__Data below__:
---

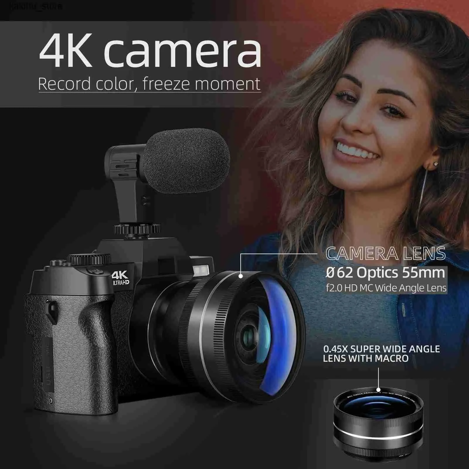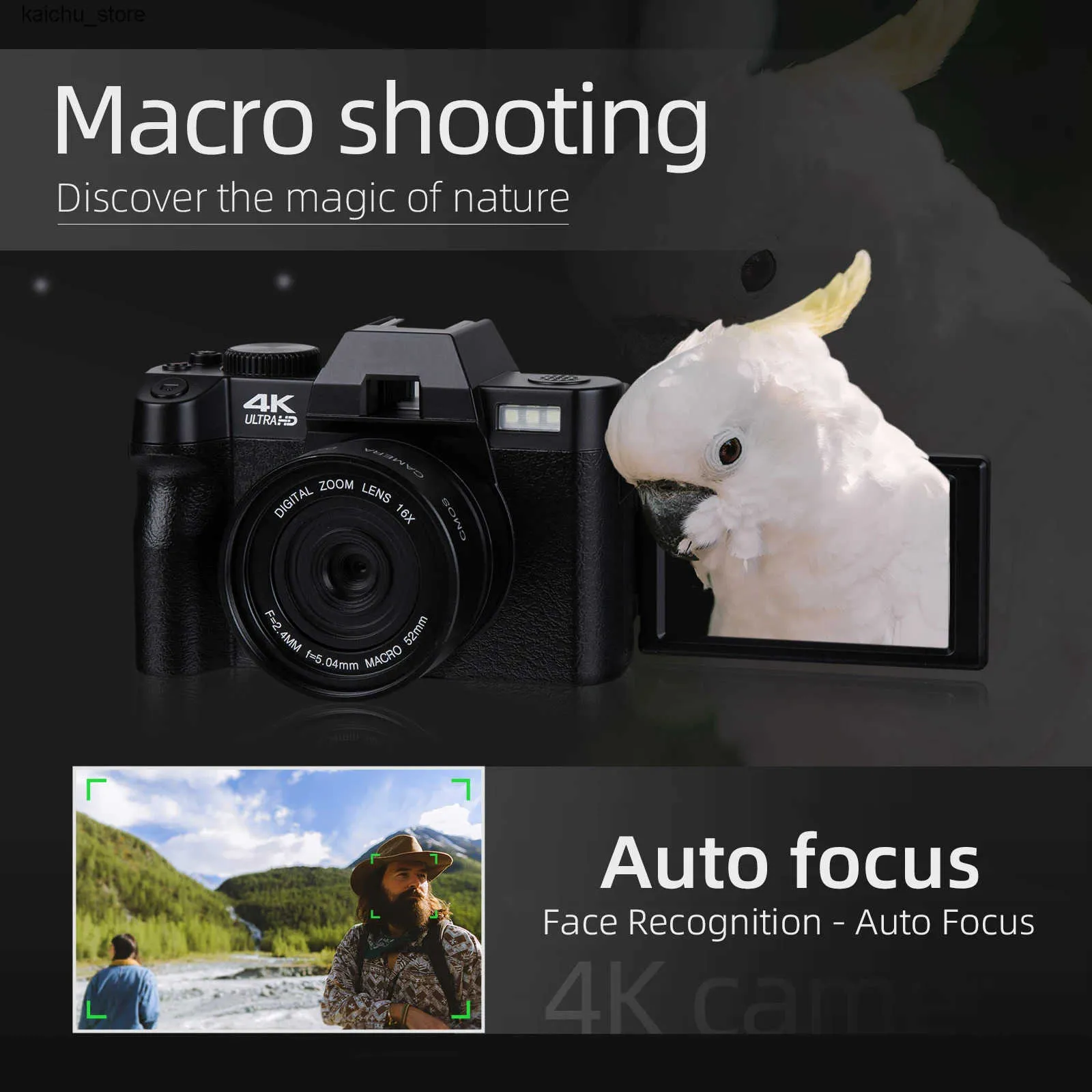 ��【Digital Camera with Wide Angle Lens & Macro Lens】The 4K camera is equipped with a professional detachable 52mm wide-angle lens and macro lens, which is very suitable for close-up shooting of large scenes and small objects. The wide-angle lens can expand the angle of view to 120 degrees to provide a wider range of views. With the macro lens, you can take close-up photos with clear details such as flowers. (Note: To take a close shot, you need to remove the wide-angle lens to avoid being unable to focus)
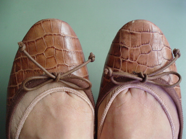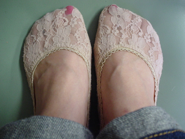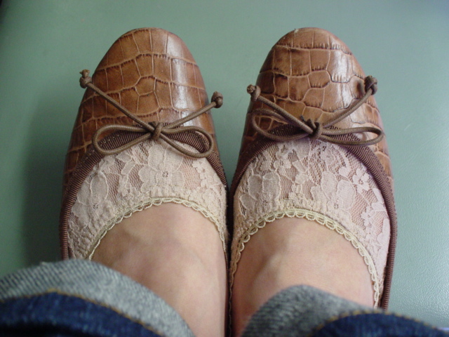 ↑指先浅めのバレエシューズだと、ソックス部分がけっこう目立ちます。
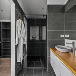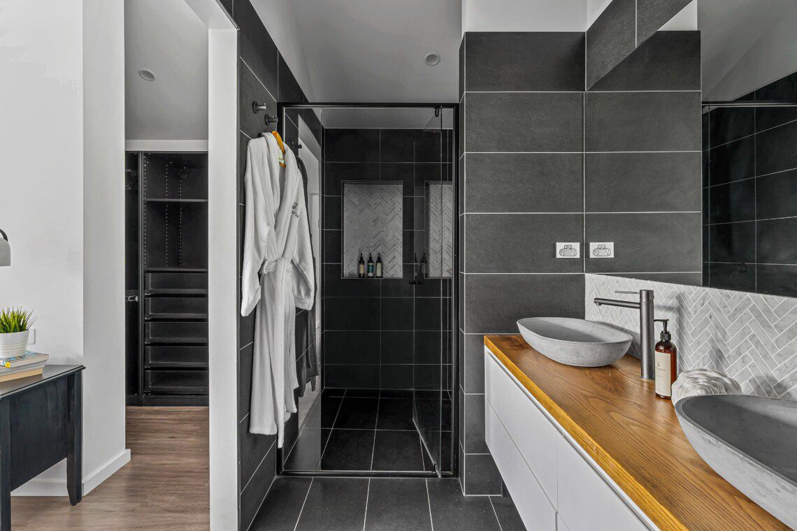 The master ensuite takes luxury to the next level with a spacious rainfall-style shower, a double vanity ideal for effortless morning routines, and a refined WC – all finished with high-end materials that evoke the feel of a boutique hotel.

---

Print the material above exactly, skipping its images.

 ��【Digital Camera with Wide Angle Lens & Macro Lens】The 4K camera is equipped with a professional detachable 52mm wide-angle lens and macro lens, which is very suitable for close-up shooting of large scenes and small objects. The wide-angle lens can expand the angle of view to 120 degrees to provide a wider range of views. With the macro lens, you can take close-up photos with clear details such as flowers. (Note: To take a close shot, you need to remove the wide-angle lens to avoid being unable to focus)
 ↑指先浅めのバレエシューズだと、ソックス部分がけっこう目立ちます。
 The master ensuite takes luxury to the next level with a spacious rainfall-style shower, a double vanity ideal for effortless morning routines, and a refined WC – all finished with high-end materials that evoke the feel of a boutique hotel.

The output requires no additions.